This sparks hope for human treatment.
Liver fibrosis, a serious stiffening of liver tissue often caused by cirrhosis or hepatitis infections, is typically irreversible and can be life-threatening. For many patients with severe liver damage, a transplant is their only hope. However, new research from Cedars-Sinai in Los Angeles has raised the possibility of reversing liver fibrosis in a groundbreaking study involving mice.
According to recent findings published in Nature Communications, Cedars-Sinai researchers have identified a genetic pathway that could potentially stop fibrosis in its tracks. The research team, led by Dr. Shelly Lu, discovered three key genes — FOXM1, MAT2A, and MAT2B — that play critical roles in the progression of liver fibrosis. Dr. Lu, head of the gastroenterology and hepatology department, highlighted the potential of these genes as targets for new drug treatments. Blocking proteins produced by any of these genes could offer a new approach to treat liver fibrosis.

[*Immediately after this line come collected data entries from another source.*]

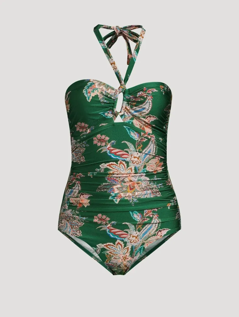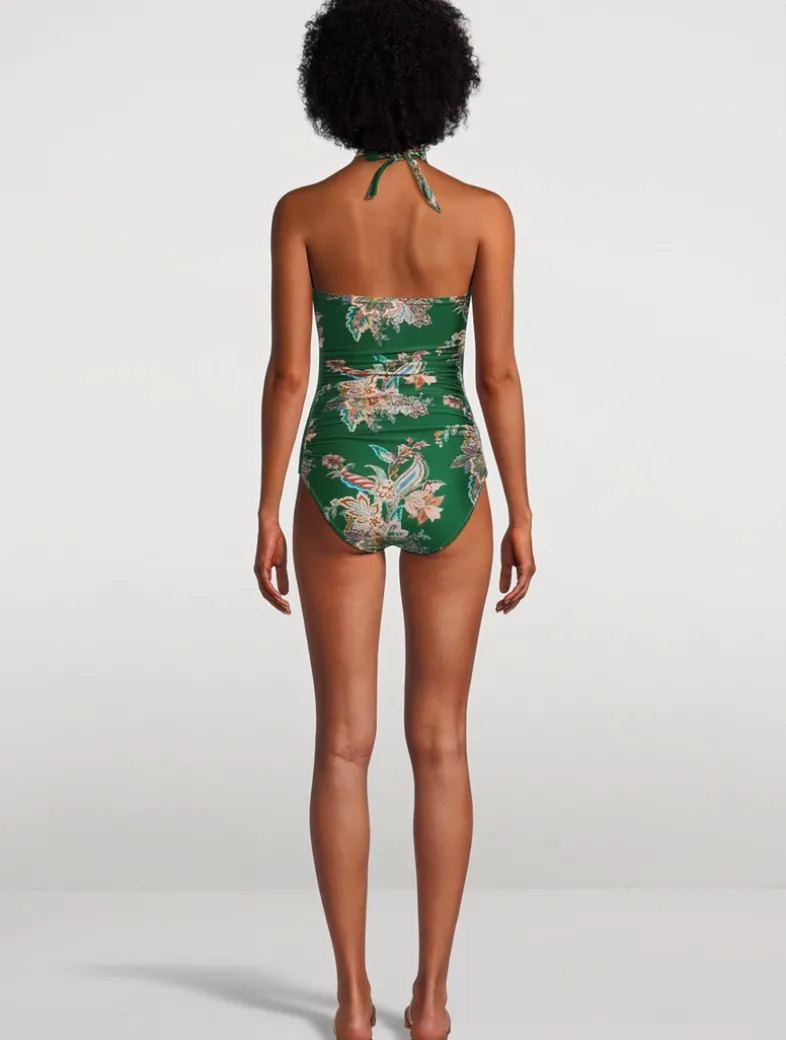 This swimsuit features a halter neckline with a wide link detail at the centre bust. Featuring ruching throughout the body, it has a full coverage bottom, removable straps and cups, and gripper elastic and boning for hold and bust support.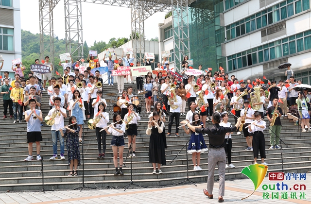 4月27日,四川農業大學團委主辦,大學生藝術團電聲樂團、管樂團、民樂團和演唱團承辦的“新長征路上的搖滾”快閃活動舉行,超燃的樂隊,悅耳的歌聲,恢弘的管樂,曼妙的舞姿和清新的民樂先后演繹,藝術表演交織、交融,對國家的深情貫穿始末。三百余名同學駐足參與,他們揮舞著現場的國旗,舉起愛國標語,詮釋著川農學子的愛國情懷,向百年前的五四先驅致敬,向繁榮昌盛的偉大祖國點贊。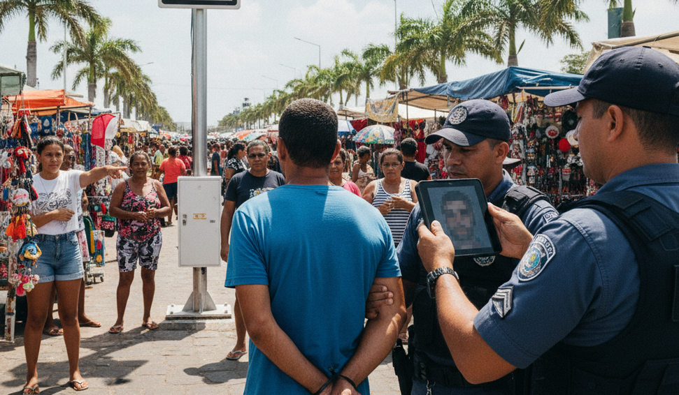O sistema emitiu um alerta assim que o indivíduo passou pela área monitorada. Com a confirmação da identidade, equipes do Centro Integrado de Operações da Segurança Pública (CIOSP) passaram a acompanhar o suspeito em tempo real pelas câmeras do entorno.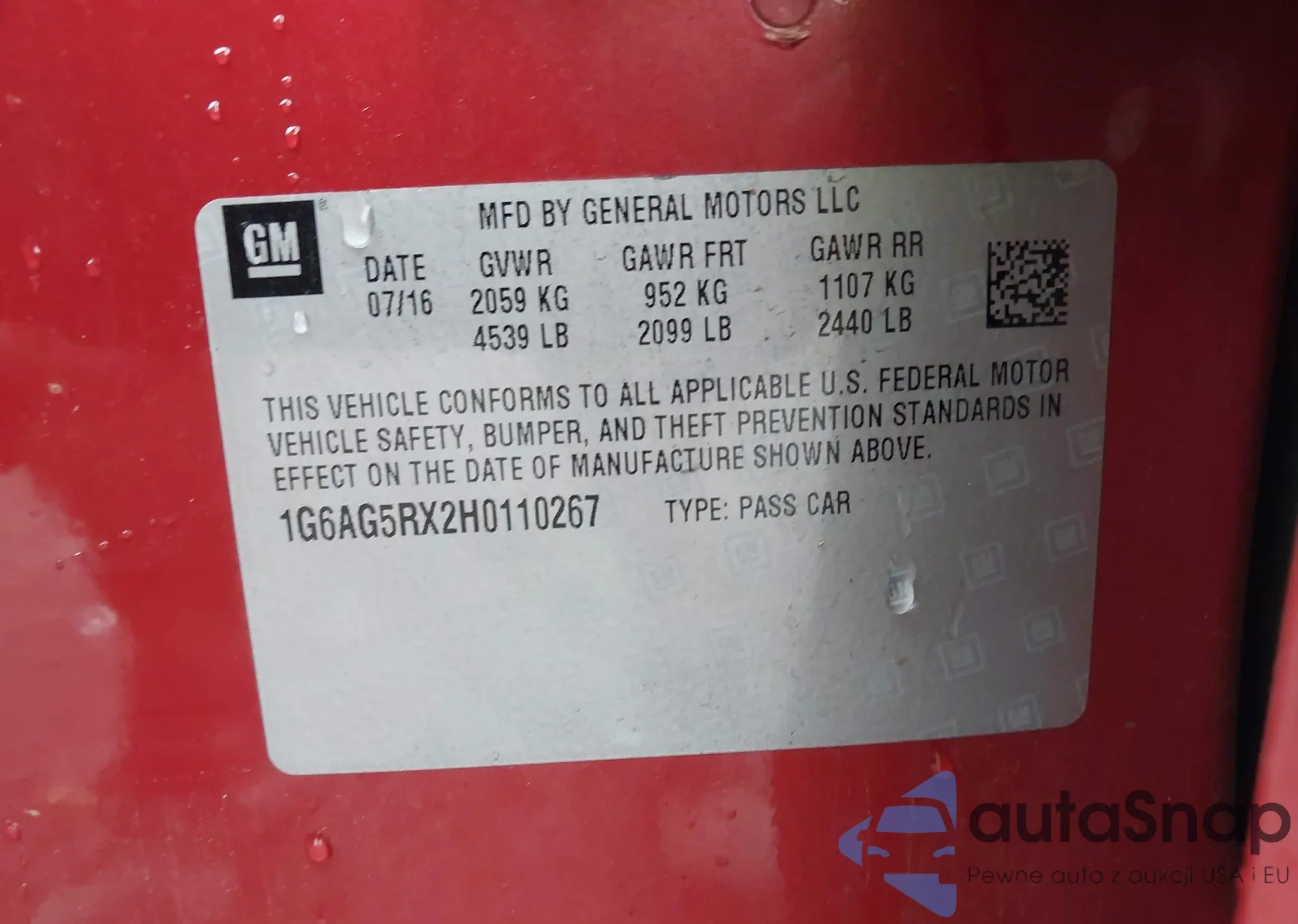 • VIN 1G6AG5RX2H0110267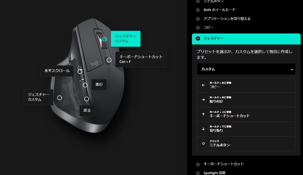 ▼Logicoolであれば「クリック」という操作項目が残ってて、それと比較するとどうにも物足りない感じ。今後のソフトのアップデートに期待したいところです。↓
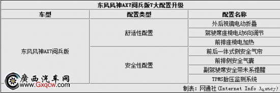 配置方面,東風(fēng)風(fēng)神AX7閱兵版增加了包括外后視鏡電動折疊、駕駛席座椅電動6向調(diào)節(jié)、前排座椅電加熱、前排側(cè)安全氣囊、前后一體式側(cè)安全氣簾、副駕駛席安全帶未系提醒以及TPMS胎壓監(jiān)測系統(tǒng)共7大配置。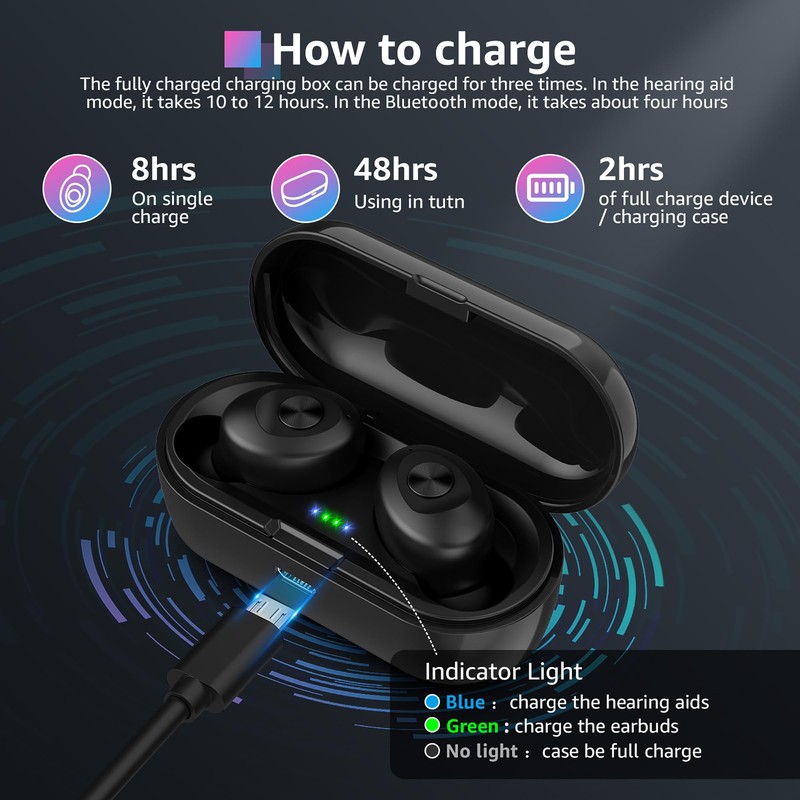 - Convenient Charging: The hearing aids come with a portable charging case that allows you to recharge them anytime, anywhere. The charging case uses a USB cable for charging, and the hearing aids take approximately 2-3 hours to fully recharge. Once fully charged, they provide around 24 hours of continuous usage. This convenient charging feature eliminates the need for frequent battery replacements, saving time and cost.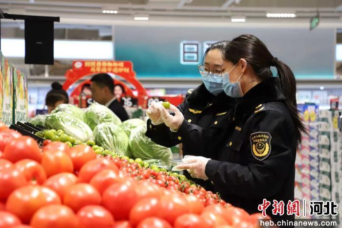 图为孟村市场监督管理局工作人员深入辖区商超检查食品安全。 杨洋 摄
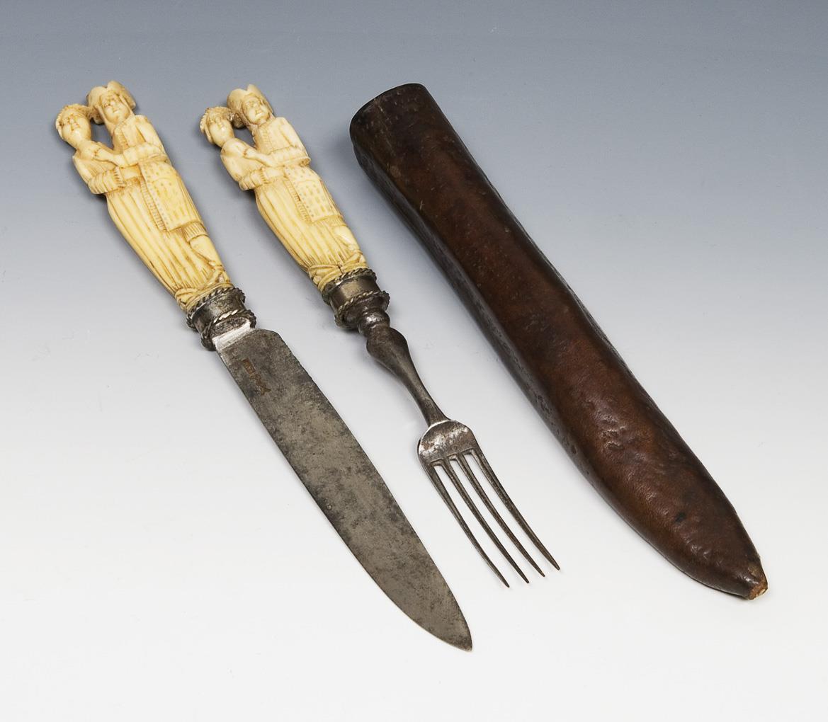 Griffe aus figürlich geschnitztem Knochen mit Liebespaar über Silber-Montierung, Klinge und Zinken aus Eisen mit Marken, Leder-Etui. Messergriff rückseitig gerissen, beschädigt.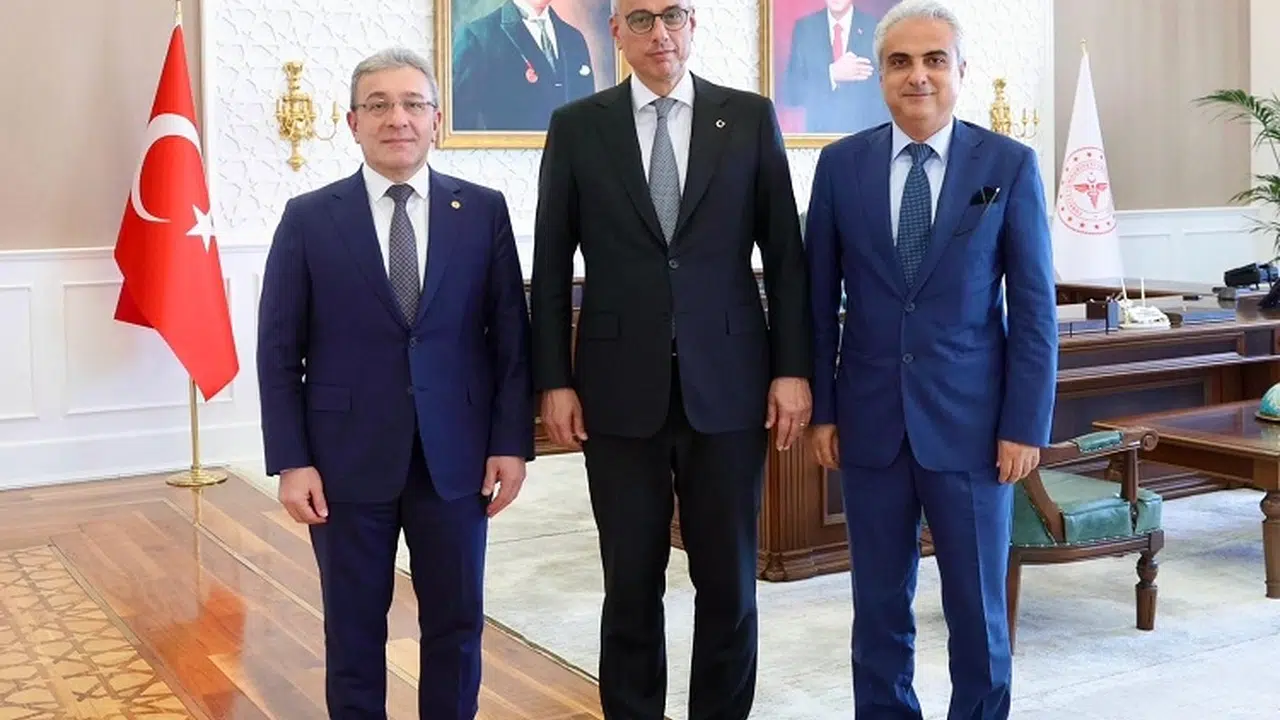 Rektör Yılmaz’a, Sağlık Bakanlığı ziyaretinde DEÜ Tıp Fakültesi Dekanı Prof. Dr. Serdar Bayrak eşlik ederken, görüşmede DEÜ’nün sağlık altyapısı, yeni yatırımlar ve ortak projeler değerlendirildi.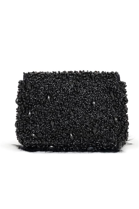 Black velvet clutch adorned with crystal embellishments. Features a detachable handle and a crossbody sling.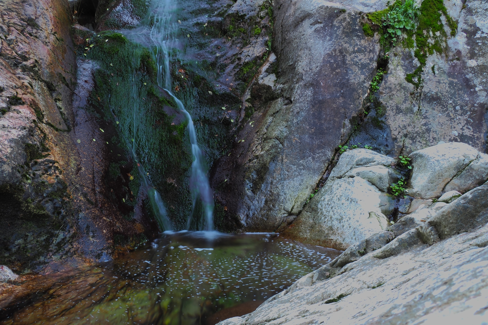 En los Montes de Toledo en el término de Navahermosa se encuentra la Hoz del Carbonero. Muy a lo alto el tiempo ha formado este paraje con dos gargantas y sus aguas luego más abajo se juntan en un arroyo que ahora en invierno lleva buen caudal. Donde nacen las aguas hay dos pequeños chorros, uno de ellos es el de la foto y que tiene unos 6 ó 7 metros de caída. Para llegar hasta el lugar, una vez que bajamos del coche, hemos de caminar unas dos horas por una senda de firme pedregoso y de suave pendiente, pero muy ciega de vegetación de ribera donde abundan robles, álamos y jaras. Esta ruta lleva poco tiempo abierta y si no vas acompañado de alguien que lo conozca puedes perderte muy fácilmente. Esta excursoncilla la pude hacer el pasado sábado.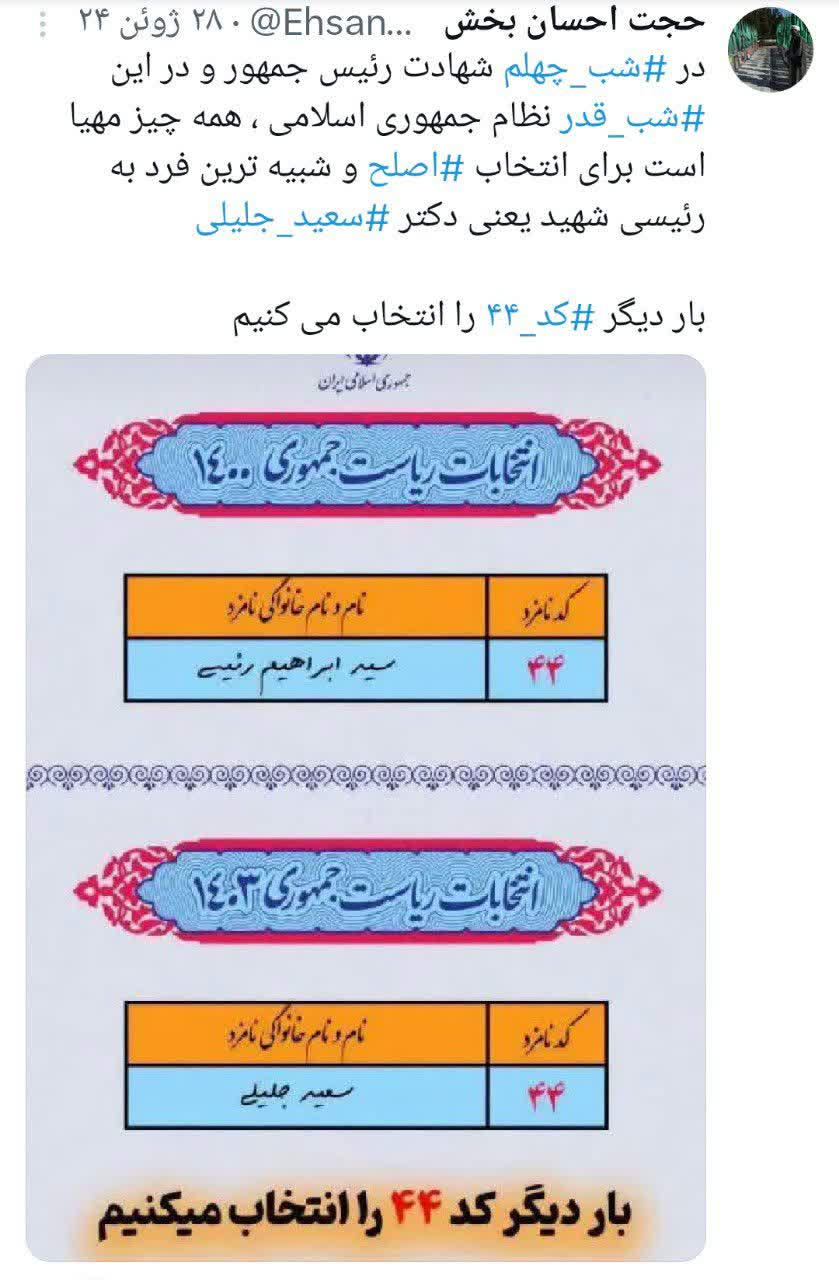 ۳- آقای سعید جلیلی- فرزند محمدحسن- کد نامزد ۴۴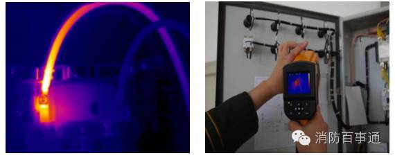 紅外熱像儀是利用紅外探測(cè)器和光學(xué)成像物鏡接受被測(cè)目標(biāo)的紅外輻射能量分布圖形反映到紅外探測(cè)器的光敏元件上,從而獲得紅外熱像圖,這種熱像圖與物體表面的熱分布場(chǎng)相對(duì)應(yīng),圖35。通俗地講紅外熱像儀就是將物體發(fā)出的不可見(jiàn)紅外能量轉(zhuǎn)變?yōu)榭梢?jiàn)的熱圖像。熱圖像的上面的不同顏色代表被測(cè)物體的不同溫度。在消防監(jiān)督檢查工作中一般用于測(cè)量電氣火災(zāi)隱患。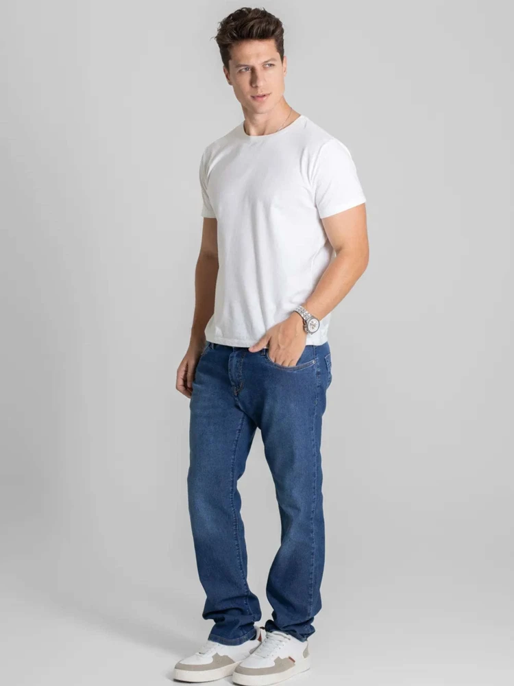 A Calça Jeans Masculina Reta Tradicional é uma peça atemporal, perfeita para quem valoriza conforto aliado ao estilo clássico.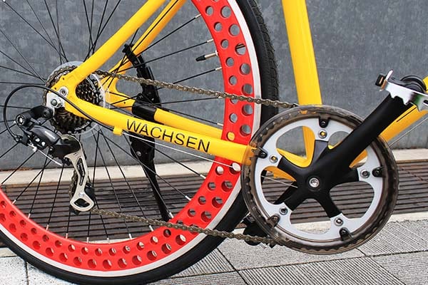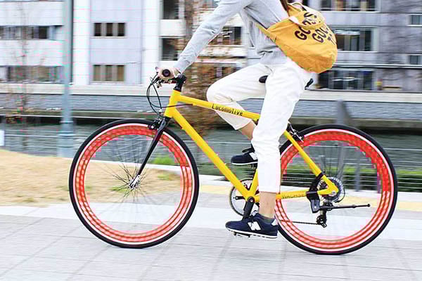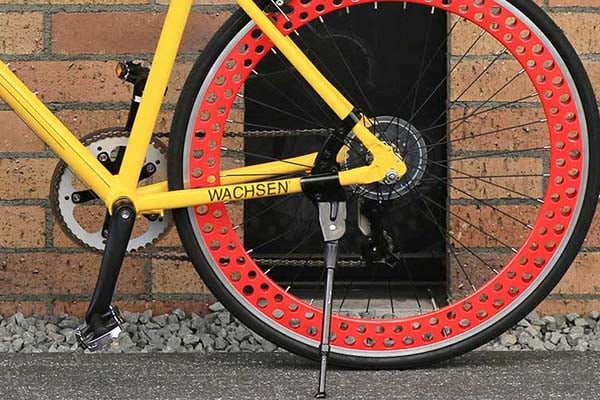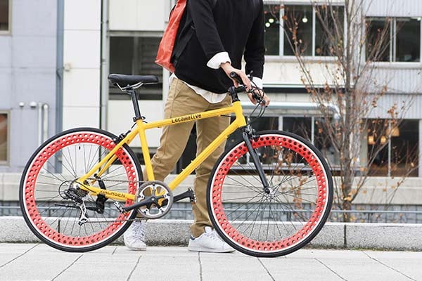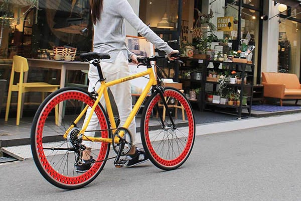 ネットの写真を見て一目で気に入り即、購入。ディープリムに穴あきのユニークな形状。その上、イエローのフレームにレッドのリムと目立つ色使いがいかにもおしゃれ。乗っているだけで楽しくなります。 車からの視認性は申し分なく安全性も高いでしょう。しっかりした組み上がりは乗っていて安心感があります。これだけ目立っていると、まず盗難には遭わないでしょう。ちょっとした街乗りに活用しています。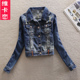 维卡恋春秋破洞韩版潮女装长袖牛仔外套女短款夹克 短外套牛仔衫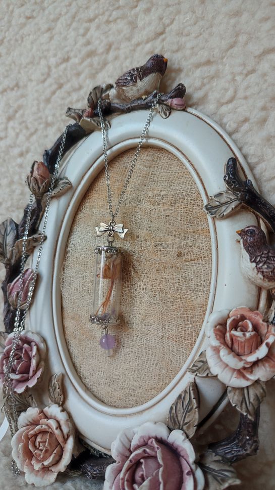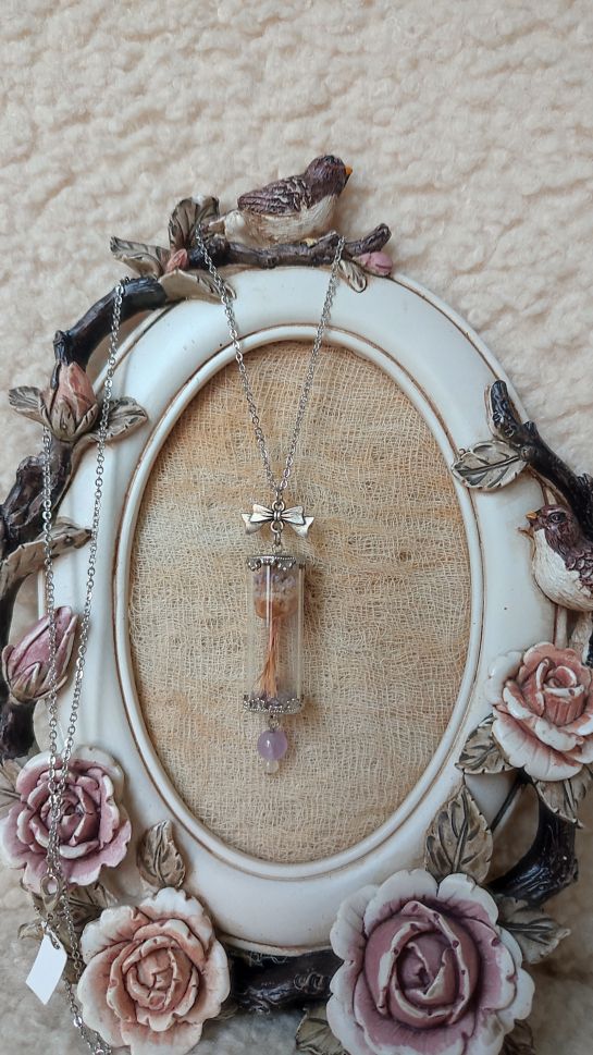 Колие Армерия ; материали – хербаризирана Армерия, стомана, аметист , кварц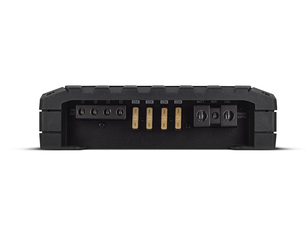 Усилитель разработан таким образом, что элементы управления звуком расположены на боковых панелях, а не на верхней, что облегчает доступ к регуляторам усиления и переключения при установке усилителя под сиденьями автомобиля или в неглубоких местах. Для закрытия боковых элементов управления и разъемов добавлены съемные задние крышки, обеспечивающие аккуратный и удобный внешний вид усилителя.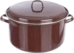 Този универсален капак е изработен от висококачествена емайлирана стомана в елегантен кафяв цвят с фин точков декор. Подходящ е за съдове с диаметър 32 см и благодарение на здравата дръжка се борави удобно с него. Емайлът е хигиеничен, безопасен за здравето и подходящ за хора с алергии.

The study is in its early stages, and results in animal models do not always translate directly to human applications. However, Dr. Peter Chen, chair of the Department of Medicine at Cedars-Sinai, emphasized the importance of these findings for expanding treatment options. While not involved in the research, Dr. Chen called the study a significant step forward in understanding and potentially addressing liver fibrosis.
The researchers zeroed in on the three genes involved in fibrosis. FOXM1, active in liver cells known as hepatocytes, can drive cancer, inflammation, and fibrosis when overactive. MAT2A and MAT2B are active in stellate cells, another cell type involved in fibrotic development. Together, these genes produce proteins that communicate with one another within liver cells, fueling inflammation and fibrosis. The researchers also noted that these proteins use extracellular vesicles to send genetic information to nearby cells, amplifying the fibrotic process.
To test whether inhibiting one of these proteins could halt fibrosis, Dr. Lu’s team first induced fibrosis in mice. They then treated the mice with FDI-6, a substance that blocks the protein from the FOXM1 gene. The treatment not only stopped further fibrosis but also seemed to reverse some of the existing scarring in liver tissue.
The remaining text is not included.